Prison Ministry India (PMI), a national voluntary organisation, has been assisting prison officials carry out the phased release of prisoners during the pandemic, and has also acted as a bridge between prisoners and their families. “It has been a challenging time with overcrowding in jails posing a threat during the pandemic. We decided to help prison officials as they worked towards releasing the prisoners…,” said Father Wilfred Fernandes, state and central region coordinator of PMI.
According to data from the state Department of Prisons and Correctional Services, till August, a total of 10,467 prisoners have been released across the state on emergency parole and temporary bail as part of efforts to decongest jails and prevent the spread of coronavirus disease. Currently, there are 26,363 inmates across 47 jails of Maharashtra. “We are getting help from NGOs and lawyers,” said a state prison official.
Through its 850 branches and 8,000 volunteers, PMI serves 1,339 prisons across India.

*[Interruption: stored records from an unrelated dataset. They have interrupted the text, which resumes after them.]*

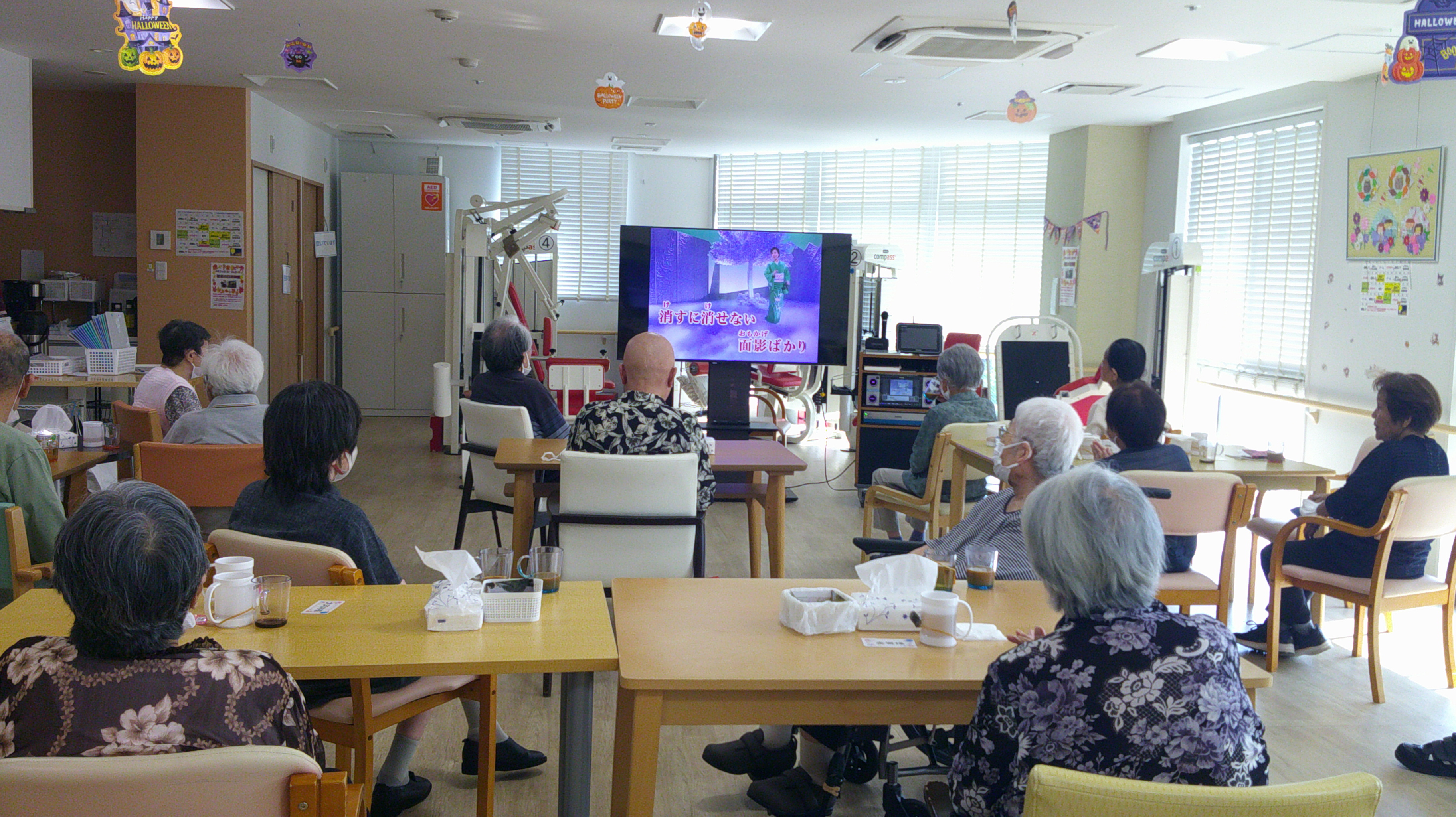 3階ロビーの装飾がハロウィンになっていました。なかなかハロウィンに馴染みがありませんでしたが、こうやって飾られているのを見ると、可愛いものがいっぱいあるんですね。かぼちゃの壁掛けや置物、魔女の帽子等・・・。ハロウィン当日は、食べるのも楽しみしています。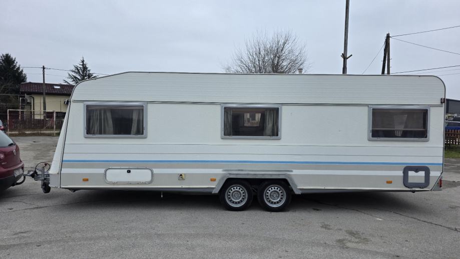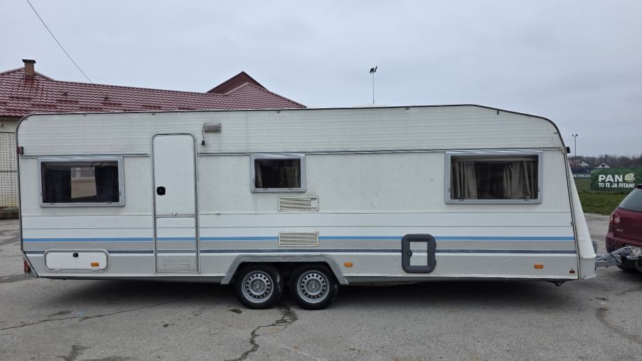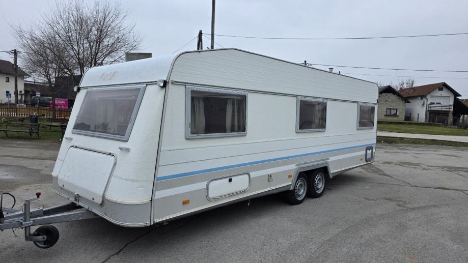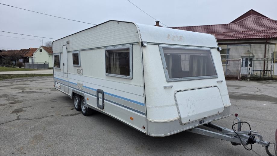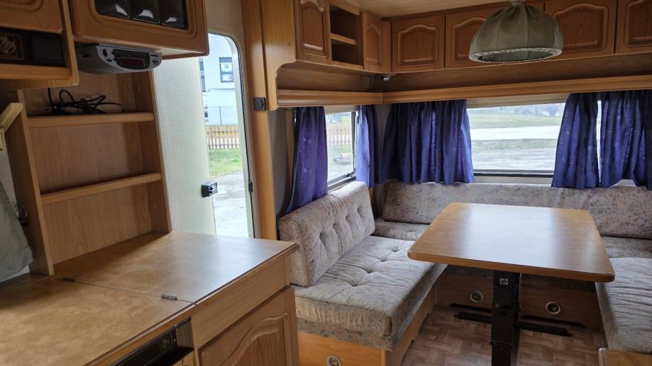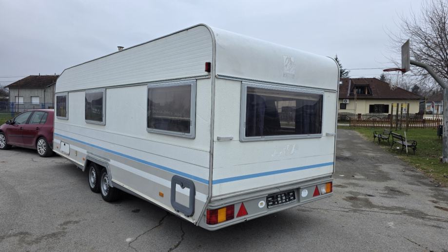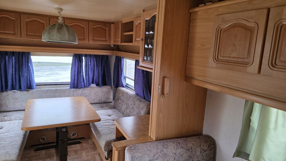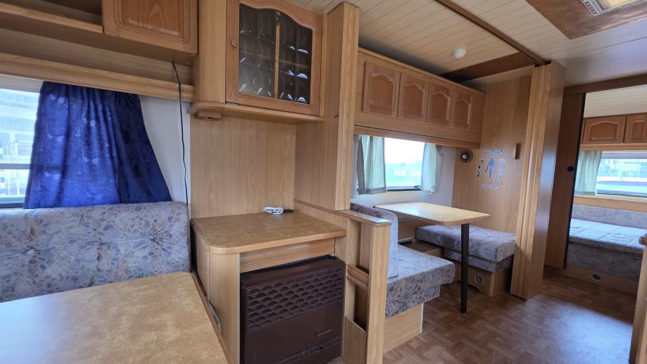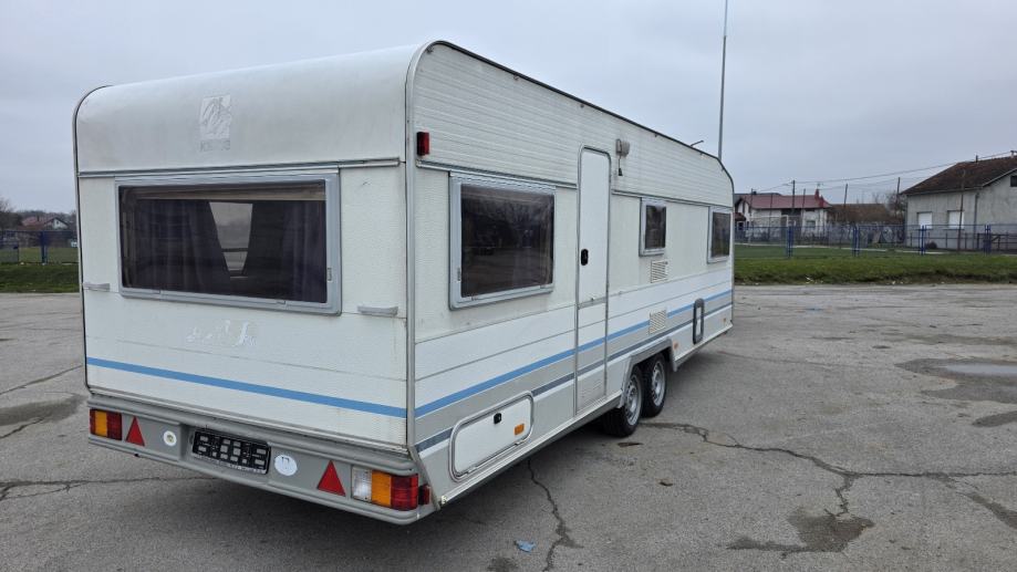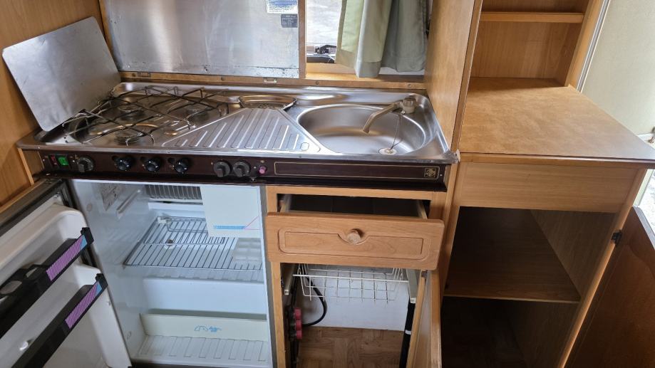 Prodajem kamp prikolicu KNAUS AZUR 700. U super je stanju,nema mirisa vlage i nigdje ne pušta. U kampici se nalazi: veliki separe,stolič za tv sa antenom,mali separe i iznad njega krevet,nekoliko večih i manjh ormara za stvari,veliki bračni krevet,kupaonski prostor u kojem je kemijski wc i tuš kabina,velika kuhinja sa sudoperom,peć za kuhanje,frižider i nekoliko ormara za posuđe,peć za grijanje.U prikolici može spavati 6/7 osoba.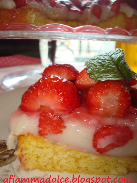 che bella questa torta, mi manca giusto un cestinetto di fragole. Quest'anno volevo piantarle ma poi tra bora e brutto tempo non le ho più messe, ma mi guardo le tue che sono uno spettacolo. Bella e leggera questa base, me la segno!!

It has 20 rehabilitation centres across India for prisoners, women and children. As part of PMI’s initiative — Reform to reintegrate — the NGO has provided legal assistance, bail payments, security deposits, resettlement funds and support to 11 prisoners from both the men and women’s jails at Yerawada.
“We worked with prison officials to help release the prisoners. The inmates gave us contact numbers of their close relatives when we met them at the temporary jails set up near Yerawada jail . Sometimes the relatives were reluctant and refused to acknowledge that anyone was in prison. We had to talk to them and tell them about the steps taken by the Prison department to release the prisoners on emergency parole. These interventions took time but helped in connecting with several prisoners’ families,” said Father Wilfred.
Citing the example of Savant (name changed), who was imprisoned on charges of murder and was released from Yeravada jail recently, volunteers from PMI-Pune said they have been closely involved in his release and reintegration. “… Savant felt overwhelmed by yet another lockdown in his life and did not have any other means of livelihood,” said Anthony Jacob, a volunteer with PMI-Pune. The organisation gave Rs 25,000 to Savant, so that he could start a garment business in his hometown.
On August 16, PMI-Pune will celebrate ‘Prison Ministry Sunday’ to commemorate the feast of Saint St. Maximilian Kolbe, the patron saint of prisoners, who had said, “A single act of love makes the soul return to life”.